BMI ‘misleading’ in detecting metabolic fatty liver disease

3 minute read


GPs should be alert to non-alcoholic steatohepatitis in lean patients.


Don’t discount the possibility of fatty liver disease in lean patients, experts say.

An international study of more than 1300 people with biopsy-proven fatty liver disease showed almost one in seven was lean, defined as having a BMI under 25 kg/m2.

These were all cases of non-alcoholic steatohepatitis or non-alcoholic fatty liver disease (NAFLD), which is now known as metabolic dysfunction associated fatty liver disease (MAFLD).

The research also revealed lean patients had similar progression and survival outcomes to those who were overweight or obese, with the authors calling for the use of BMI to be reconsidered.

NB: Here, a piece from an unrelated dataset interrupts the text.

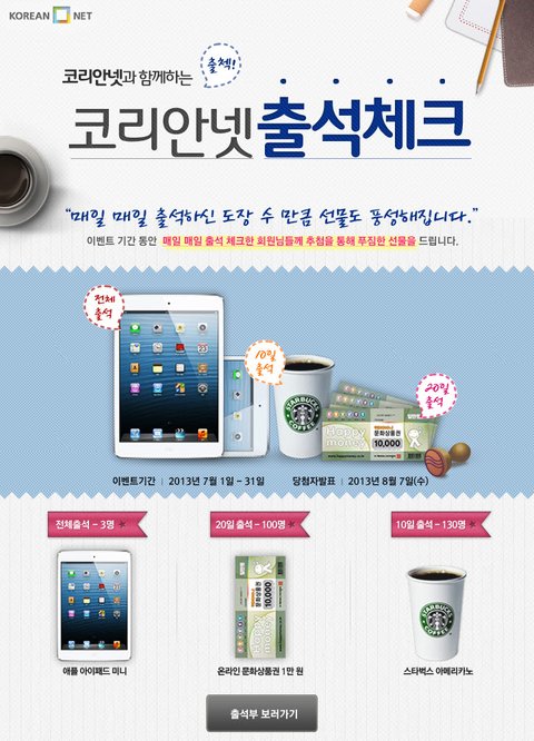 바로 출석체크 이벤트 인데요 ~ 코리안넷에서 진행하는거라네요? ㅎ 출석만 해도 아이패드를 준다니… 저도 해야겠어요 ! ㅋㅋㅋㅋ
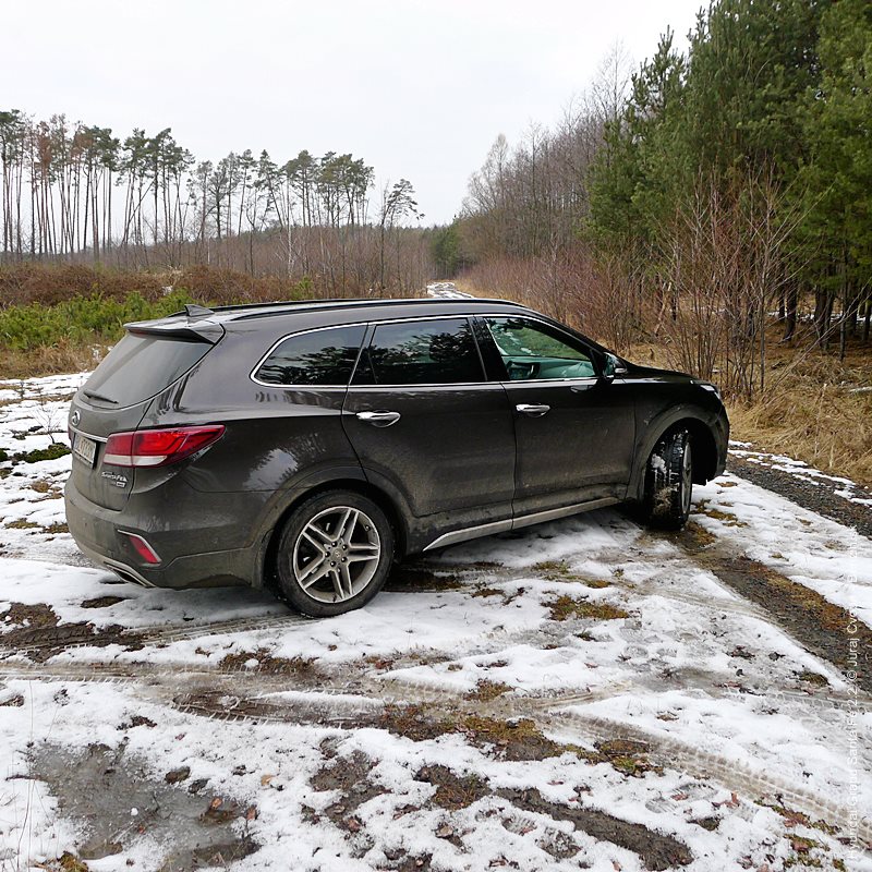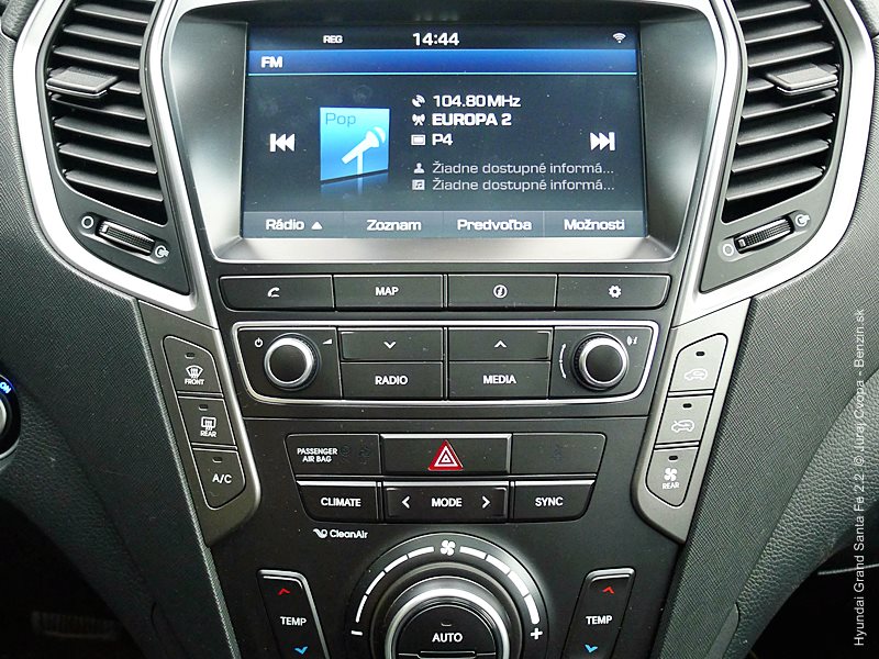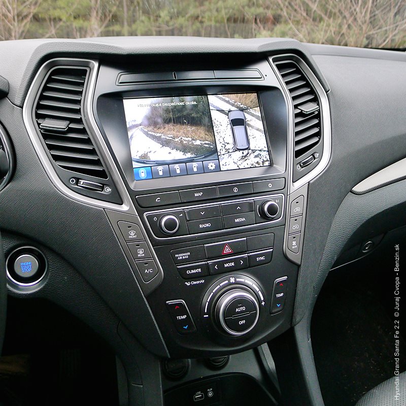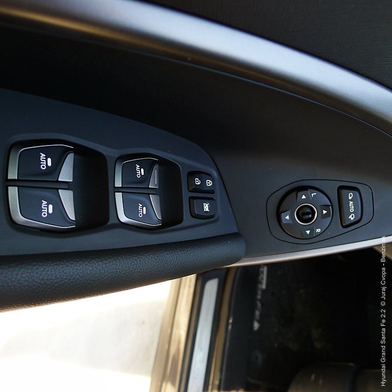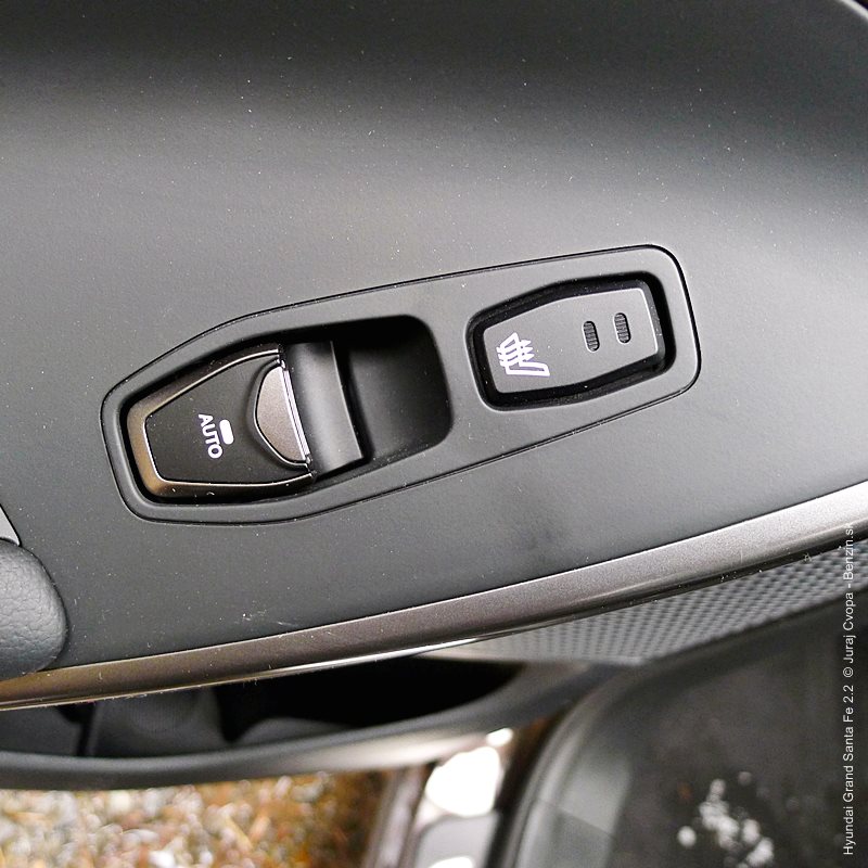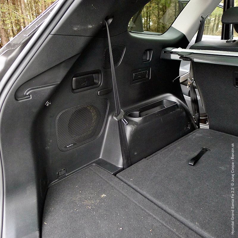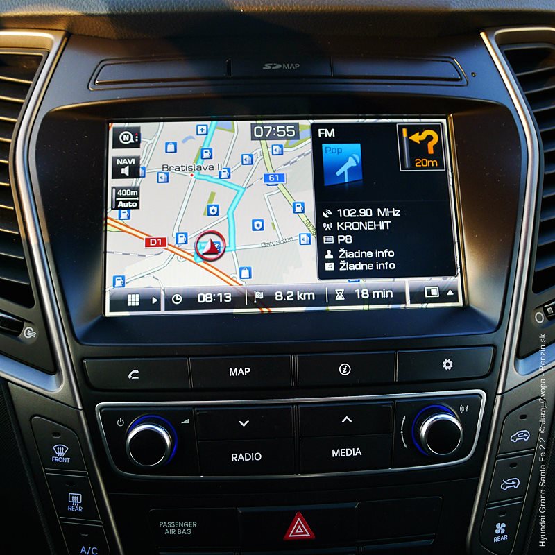 Pod kapotou pracuje 2.2-litrový preplňovaný štvorvalec, 147 kW (200 k), 440 Nm a 6-stupňová automatická prevodovka s možnosťou sekvenčného radenia. Motor svojimi paramterami k autu akurát pasuje, kameňom celého jazdného prejavu je však prevodovka. Veľký kolos v jej štandardnom móde predvádza pomalšie reakcie a letargickú odozvu na plyn. Pôsobí to ospalo a odradzuje od športových nálad. Pozorujem otáčkomer, plyn decentne stlačený, prevodovka radí vyššie pri 2000 min-1 a jazda prebieha okolo 1500 min-1. Stále. A pokiaľ sa ide do 90 km/h, štverá sa v podobných otáčkach aj na Pezinskú Babu, teda kopec, kde sa usporadúvajú závody do vrchu. No v móde Sport, to je ako prejsť na druhú stranu zrkadla. Z Grand Sana Fe sa tak stáva nabudené, k svetu sa majúce zviera, ktoré pomerne agresívne reaguje na najjemnejšie pohladenie plynu. A tu začína radosť.

Participants in the study included Caucasian people from Italy, Spain and Australia. Almost 15% of the total cohort was lean, with the majority living in Italy. However, comparing the different study sites, Australia was second to Italy in its proportion of lean patients (13.5% of Australian patients were lean, compared to 1.6% at the UK site).

Initially, lean patients had milder liver damage compared with those who were overweight or obese. As expected, MAFLD was more common in non-lean than lean patients (71% vs 54%), as was advanced fibrosis (25% vs 10%) and diabetes (31% vs 9%).

However, there was no significant difference in the prevalence of the gene variant that is strongly associated with an increased risk of chronic liver disease.

“These patients represent one end of a wide spectrum of phenotypic expression of MAFLD where the disease manifests at lower overall BMI thresholds,” the authors wrote in Gut.

After an average follow-up of eight years, the proportion of lean vs non-lean patients who had reported liver-related events was not significantly different (almost 5% vs 8%).

Nor was survival between the two groups, despite most lean patients (77.5%) remaining lean.   

“Caucasian lean subjects with non-alcoholic fatty liver disease may progress to advanced liver disease, develop metabolic comorbidities and experience cardiovascular disease as well as liver-related mortality, independent of longitudinal progression to obesity.”  

Lean patients with the disease tended to be male (75% compared to 63% non-lean).

They were also younger at diagnosis (45 vs 49 years) – and this was an important confounding factor, they said.

“[This can lead] to an underestimation of the risk of progression as older age is a main predictor of morbidity and mortality,” they wrote.

“These observations, supported by the results of a recent and comprehensive meta-analysis, suggest that a BMI-driven approach to detecting patients with MAFLD can be misleading and should be reconsidered as metabolic derangements can arise independent of obesity and in the absence of intervention patients’ liver-related prognosis ultimately depends on the degree of liver damage.”

Author Professor Jacob George told TMR he hoped the research would have an impact on clinical practice.

“GPs will see and need to be alert to lean fatty liver diseases, i.e., in any lean patient that has liver fat on ultrasound,” said Professor George, who is head of the department of gastroenterology and hepatology at Westmead Hospital in NSW.

The discovery that the disease could progress regardless of BMI was significant considering the number of people impacted globally, he said.  

“This is the first study to suggest that fatty liver in lean people may have additional and unique disease drivers … so treatment should be geared towards their phenotype, for example lean versus diabetic versus non-lean. In lean, for example, exercise would be practical and important; in patients with obesity more emphasis on weight loss and some exercise; and in diabetics, improved diabetes control.”

Evidence of fatty liver and features that suggest significant fibrosis should trigger specialist referral, he said.